The tool emulates how a user might be surveilled while browsing the web. Users type a URL into Blacklight, and it visits the requested website, scans for known types of privacy violations, and returns an instant privacy analysis of the inspected site.

Blacklight works by visiting each website with a headless browser, running custom software built by The Markup. This software monitors which scripts on that website are potentially surveilling the user by performing seven different tests, each investigating a specific, known method of surveillance.

The types of surveillance that Blacklight seeks to identify are:

  • Third-party cookies
  • Ad trackers
  • Key logging
  • Session recording
  • Canvas fingerprinting
  • Facebook tracking
  • Google Analytics “Remarketing Audiences”

These are defined later in this document, as are their limitations.

Blacklight was built using the NodeJS Javascript environment, the Puppeteer Node library, which provides high-level control over a Chromium (open-source Chrome) browser. When a user enters a URL into Blacklight, the tool opens a headless web browser with a fresh profile and visits its homepage as well as an additional randomly selected page deeper inside the same website.
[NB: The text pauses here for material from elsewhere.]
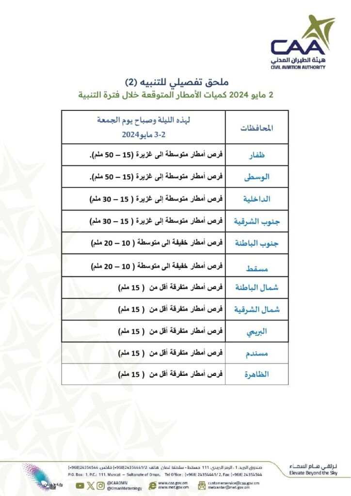 نظراً لغزارة الأمطار الرعدية والمصحوبة برياح هابطة نشطة وتساقط لحبات البرد المتوقع هطولها خلال الليلة وحتى صباح يوم غد الجمعة على محافظات ظفار والوسطى والداخلية وجنوب الشرقية مع كميات أمطار تتراوح من (15-50) ملم تؤدي لجريان الشعاب وبعض والأودية، وهطول أمطار متفرقة على محافظات مسقط وشمال الباطنة وجنوب الباطنة وشمال الشرقية .

While the browser is visiting the website, it runs custom software in the background that monitors scripts and network requests to observe when and how user data is being collected.   To monitor scripts, Blacklight modifies various fingerprintable properties of the browser’s Window API. This allows Blacklight to log which script made a particular function call, using the Stacktrace-js package. The network requests are collected using a monitoring tool included in Puppeteer’s API.
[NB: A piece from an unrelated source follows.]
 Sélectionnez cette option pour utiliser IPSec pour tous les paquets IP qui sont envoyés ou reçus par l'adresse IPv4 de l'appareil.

Blacklight uses the script data and network requests to run the seven tests described above. Afterward, it closes the browser and generates an instant report for the user.

It records a list of all the URLs that the inspected website requests. In addition, it makes a list of all domains and subdomains that were requested. The tool we provide to the public will not save those lists unless the user chooses to share results with us through an option in the tool.

We define domain names using the Public Suffix + 1 method. We define first-party domain as any domain that matches the website visited, including subdomains. We define third-party as any domain that does not match the website visited. The tool compares the list of third-party domains from the website requests with DuckDuckGo’s Tracker Radar dataset.

This data merge allows Blacklight to add the following information about the third-party domains found on the inspected site:

  1. Name of the domain’s owner.
  2. Categories assigned by DuckDuckGo to each domain that attempt to describe its observed purpose or intent.

This additional information about third parties is provided to users as context for Blacklight’s instant test results. Among other things, this information is used to count the number of advertising-related trackers present on a given website.

Blacklight runs tests based on the root URL of the page entered by a user into the tool. For example, if a user types in https://example.com/sports, Blacklight starts its inspection at https://example.com and disregards the /sports path. If a user types in https://sports.example.com, Blacklight starts its inspection at https://sports.example.com.

Blacklight results for each requested domain are cached for 24 hours, and these cached reports are delivered in response to subsequent user requests for the same website during those 24 hours. This is designed to prevent the tool from being used maliciously to overwhelm a website with thousands of automated visits.

Blacklight will also tell users whether their results are high, low, or about average compared with what the tool found on the 100,000 most popular websites as ranked by the Tranco List. This is described in more detail below. 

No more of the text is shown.